Exercise data
______

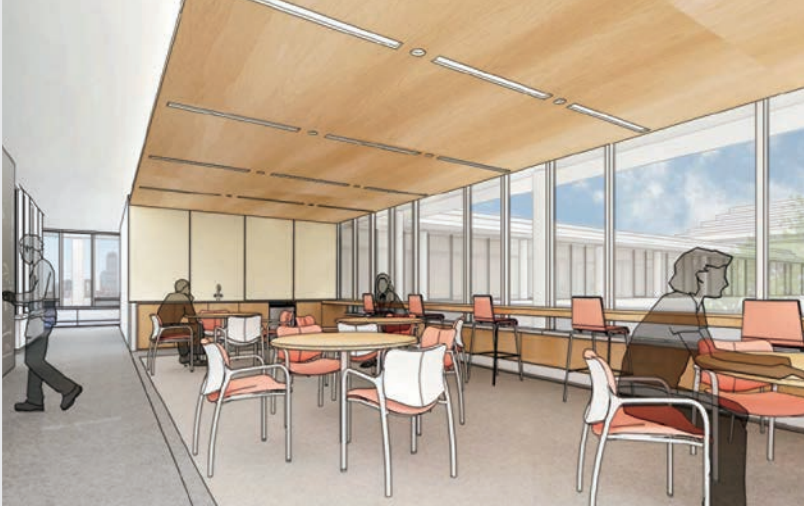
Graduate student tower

______

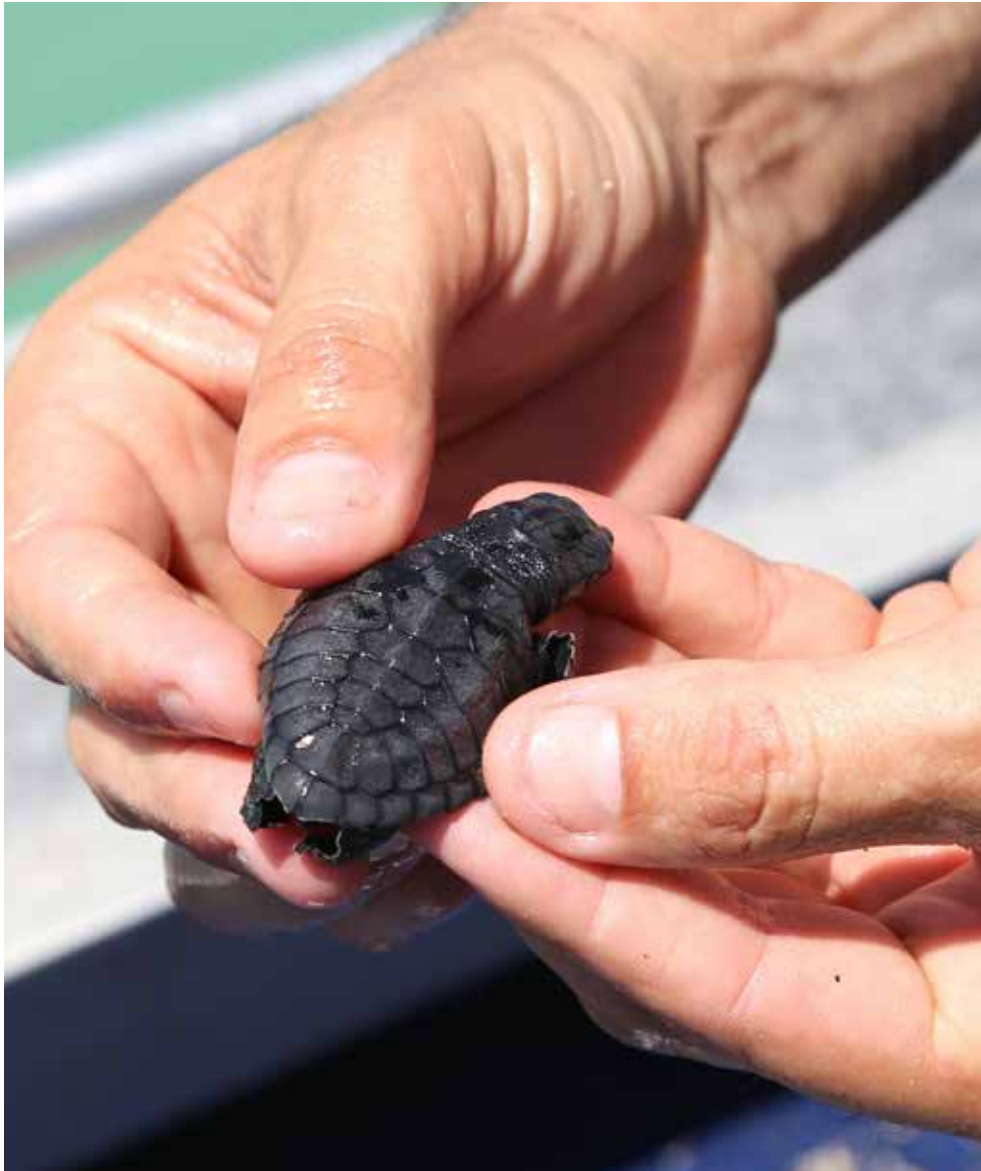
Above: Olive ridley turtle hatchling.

______

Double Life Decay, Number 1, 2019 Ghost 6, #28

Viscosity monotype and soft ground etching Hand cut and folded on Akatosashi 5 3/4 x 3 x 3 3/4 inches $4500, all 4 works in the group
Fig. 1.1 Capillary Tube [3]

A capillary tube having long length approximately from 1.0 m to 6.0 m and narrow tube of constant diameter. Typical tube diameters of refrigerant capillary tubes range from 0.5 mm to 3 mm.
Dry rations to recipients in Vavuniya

______

What you should do
Return only the part of the records above that opens with the line containing "A capillary tube" and closes with the line containing "Dry rations to recipients in Vavuniya", ends included.

Output
A capillary tube having long length approximately from 1.0 m to 6.0 m and narrow tube of constant diameter. Typical tube diameters of refrigerant capillary tubes range from 0.5 mm to 3 mm.
Dry rations to recipients in Vavuniya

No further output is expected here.